IT IS hard to guess how many young Englishwomen settled overseas after the last world war. It must be many thousands.

We carried two stories recently involving ships that were used to carry war brides to their new homes in 1946 and shortly thereafter.

One was the Cunard liner the RMS Scythia, which shipped thousands of brides to Halifax, Canada.

Another with connections to this area was the Illustrious class aircraft carrier HMS Indomitable.

She carried the Great Britain Lions team to Australia and New Zealand in 1946, a team uniquely unbeaten in a Test series in Australia and known as the ‘Indomitables’.

Two surviving members of that team, Joe Egan and Bryn Knowelden, were reunited in Huddersfield two months ago.

What appears to be less known is that the carrier was crammed with war brides on their way to start a new life with their Servicemen husbands and boyfriends.

Austin Holroyd of Almondbury knew about the ship and its human cargo, but didn’t know at the time that the Lions were on board.

In 1946 he was a 20-year-old petty officer serving in Colombo, Ceylon, now Sri Lanka.

He takes up the tale:

“July 7, 1946 was a Sunday, a warm day, the war was over and life was pleasant.

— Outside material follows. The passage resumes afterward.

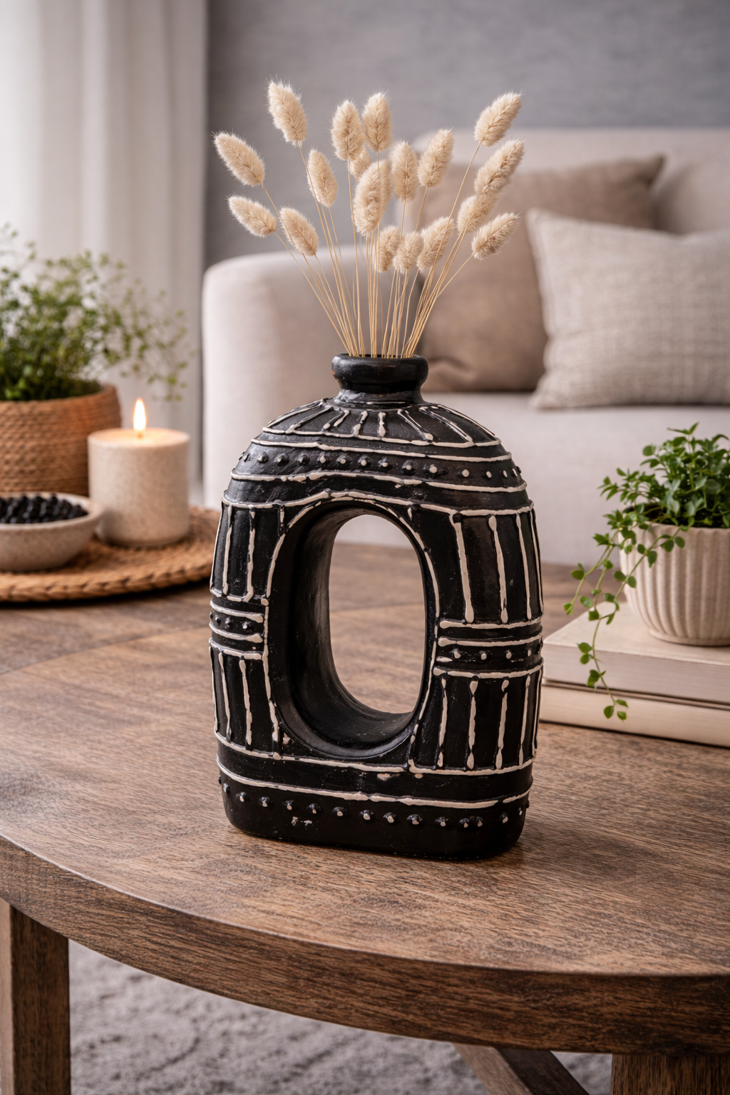 At 30cm tall, this is a true statement piece. It works best as a focal point—on coffee tables, sideboards, consoles or shelving—where the shape can do the heavy lifting. Whether styled with dried stems or left empty, it brings structure and balance to your décor.

“I was having a quiet afternoon behind my little office at Echelon Barracks (now buried under the Echelon Cocktail Bar at the Hilton Hotel) when the phone rang.

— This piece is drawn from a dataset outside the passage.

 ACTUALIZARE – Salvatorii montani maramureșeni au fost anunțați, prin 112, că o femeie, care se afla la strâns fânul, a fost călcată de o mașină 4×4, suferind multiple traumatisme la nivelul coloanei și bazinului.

The aircraft carrier HMS Indomitable had just arrived in the harbour, and her paymaster was in desperate need of rupees with which to pay the crew.

“Nobody knew where the officer with the key for the naval safe would be in Colombo, so could I possibly dig out some transport and see if we could find him.

“We found the officer concerned (first attempt) in the swimming pool at the Fleet Club, and once he was dressed took him with us to where the dosh was kept.

“Meanwhile, the sailors were telling me such a tale.

“The Indomitable had left the UK for Australia some three weeks before with a cargo of English girls who had married Australian servicemen.

“Now some time before, as a “small ships” sailor I had travelled as a passenger myself from Colombo to Singapore on the Indomitable, and it was a new experience. From the skipper downwards everyone had to appear immaculate and properly dressed at all times, and all naval traditions strictly observed. Not on this trip however!

“Once the ship had passed Gibraltar into the calmer waters of a sunlit Mediterranean the girls decided that sun-bathing on the flight deck was a must! Bikinis hadn’t been invented then, nevertheless it was a seemingly wonderful sight.

“The skipper was apparently doing his nut, but whilst King’s Regulations and Admiralty Instructions could be applied to his crew, they didn’t have much effect on his passengers!

“And now after three weeks at sea, the ship had put into Colombo. Our two sailors informed me that no lady would be allowed ashore unless she had someone she knew like a brother or other relative to collect her and return her to the ship.

“Her name would have to be submitted to the quarter-master at the gangway by her guarantor before any lady would be allowed ashore.

“I thought that was a bit tough on the girls until one of the sailors dug into his pocket and gave me a long list of names, and could I find enough sailors in Colombo to act as guarantors?

“They used to call it a “buzz” in the Navy, and never did one travel so fast round the town as that one! At the appointed time there was a queue for boats to and from the ship.

“A good time was had by all.

Some time later the Indomitable returned, now with a cargo of Australian brides on their way to Britain. I think, from memory, that this time the skipper must have given up the ghost, the girls were allowed ashore, and the rest is history.”